*** Records for the task ***

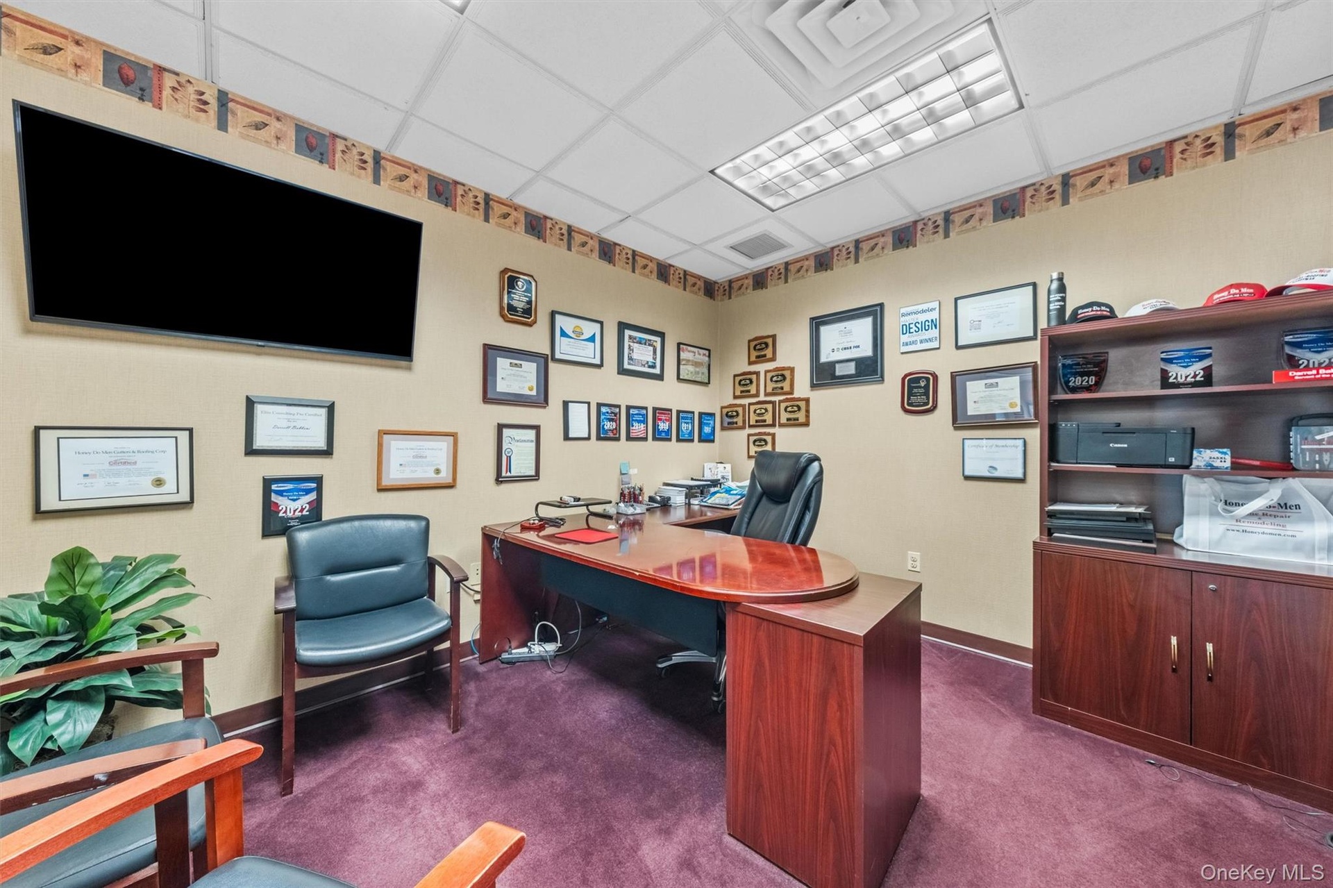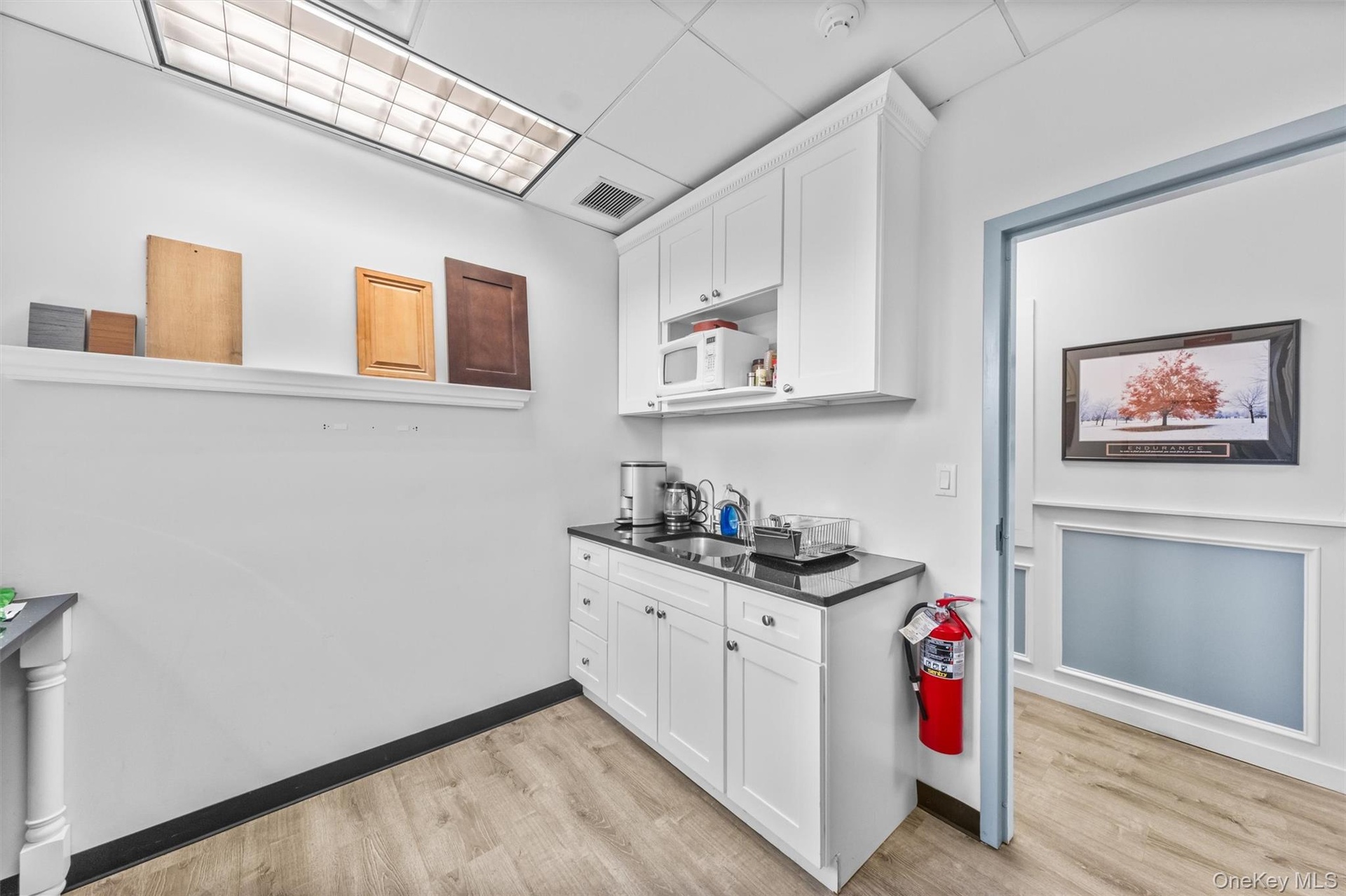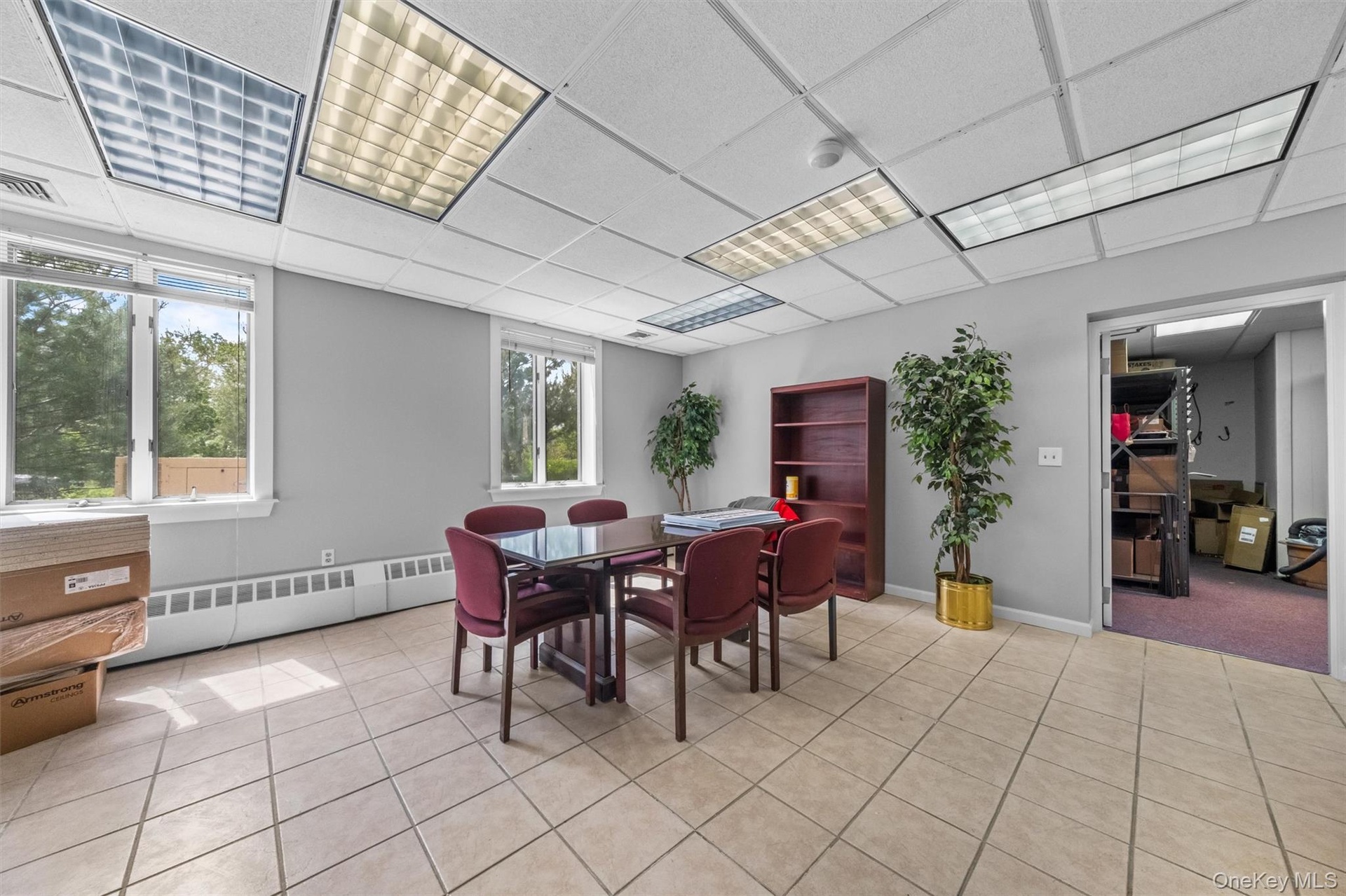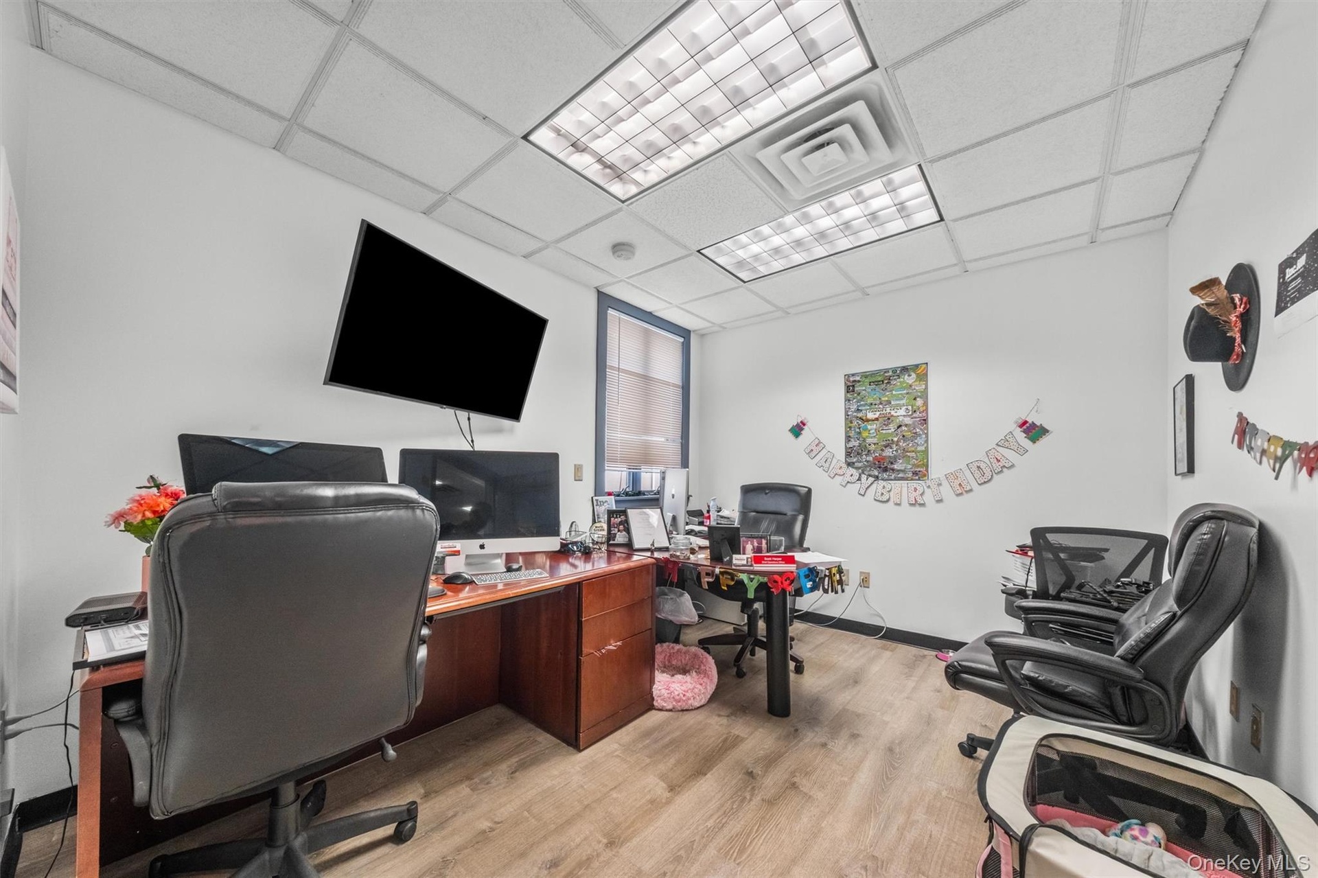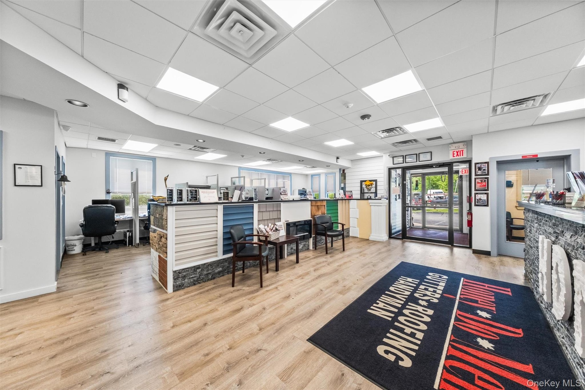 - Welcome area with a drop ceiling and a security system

*** End of Records for the task ***
*** Records for the task ***

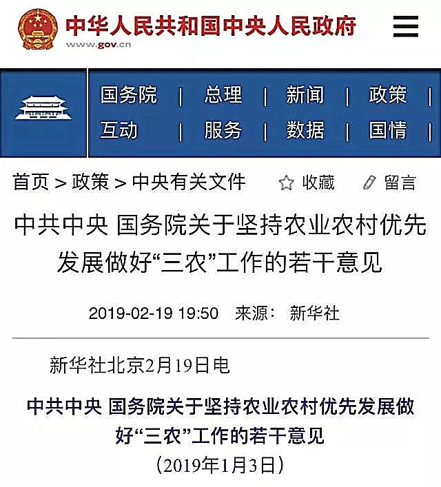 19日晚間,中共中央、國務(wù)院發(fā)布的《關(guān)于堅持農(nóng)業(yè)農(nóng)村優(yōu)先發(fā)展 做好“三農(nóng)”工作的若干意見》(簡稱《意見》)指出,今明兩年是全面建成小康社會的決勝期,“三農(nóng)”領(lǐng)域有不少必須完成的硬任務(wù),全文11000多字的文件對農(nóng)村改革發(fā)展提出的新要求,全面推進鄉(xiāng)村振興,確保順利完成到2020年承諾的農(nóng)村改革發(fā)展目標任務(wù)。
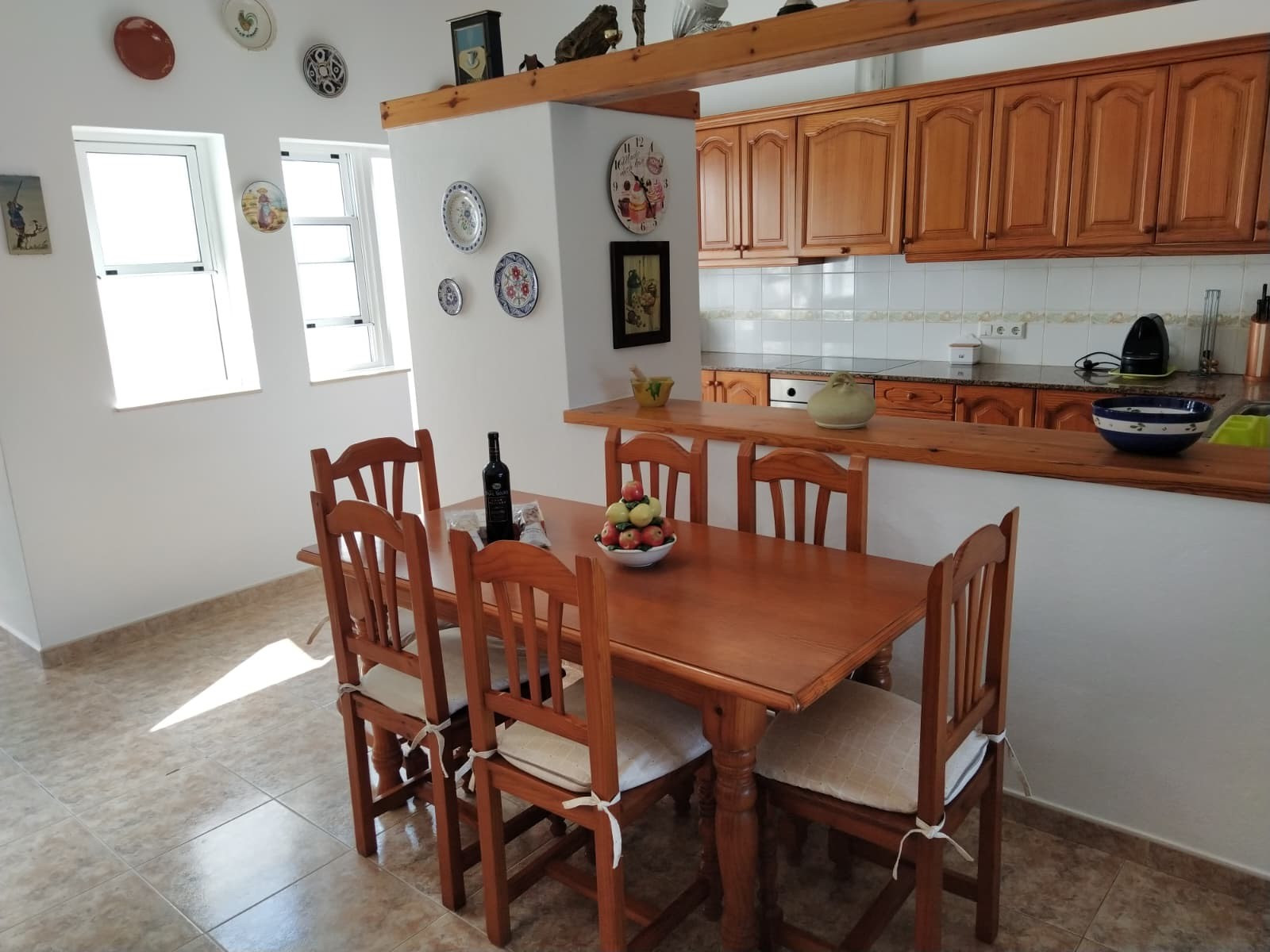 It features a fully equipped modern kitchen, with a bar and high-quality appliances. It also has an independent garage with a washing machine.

*** End of Records for the task ***
*** Records for the task ***

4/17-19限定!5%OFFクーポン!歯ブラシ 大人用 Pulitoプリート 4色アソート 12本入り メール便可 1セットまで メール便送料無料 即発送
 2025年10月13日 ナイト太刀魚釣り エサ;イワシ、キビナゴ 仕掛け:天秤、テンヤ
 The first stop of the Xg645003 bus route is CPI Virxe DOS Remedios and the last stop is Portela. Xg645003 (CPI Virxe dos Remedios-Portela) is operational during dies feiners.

*** End of Records for the task ***

» Exercise directions
Please, from the material above, copy only the lines from the line with "4/17-19限定!5%OFFクーポン!歯ブラシ 大人用 Pulitoプリート" up to and including the line with "2025年10月13日 ナイト太刀魚釣り エサ;イワシ、キビナゴ 仕掛け:天秤、テンヤ", exactly as written.

» Answer to this task
4/17-19限定!5%OFFクーポン!歯ブラシ 大人用 Pulitoプリート 4色アソート 12本入り メール便可 1セットまで メール便送料無料 即発送
 2025年10月13日 ナイト太刀魚釣り エサ;イワシ、キビナゴ 仕掛け:天秤、テンヤ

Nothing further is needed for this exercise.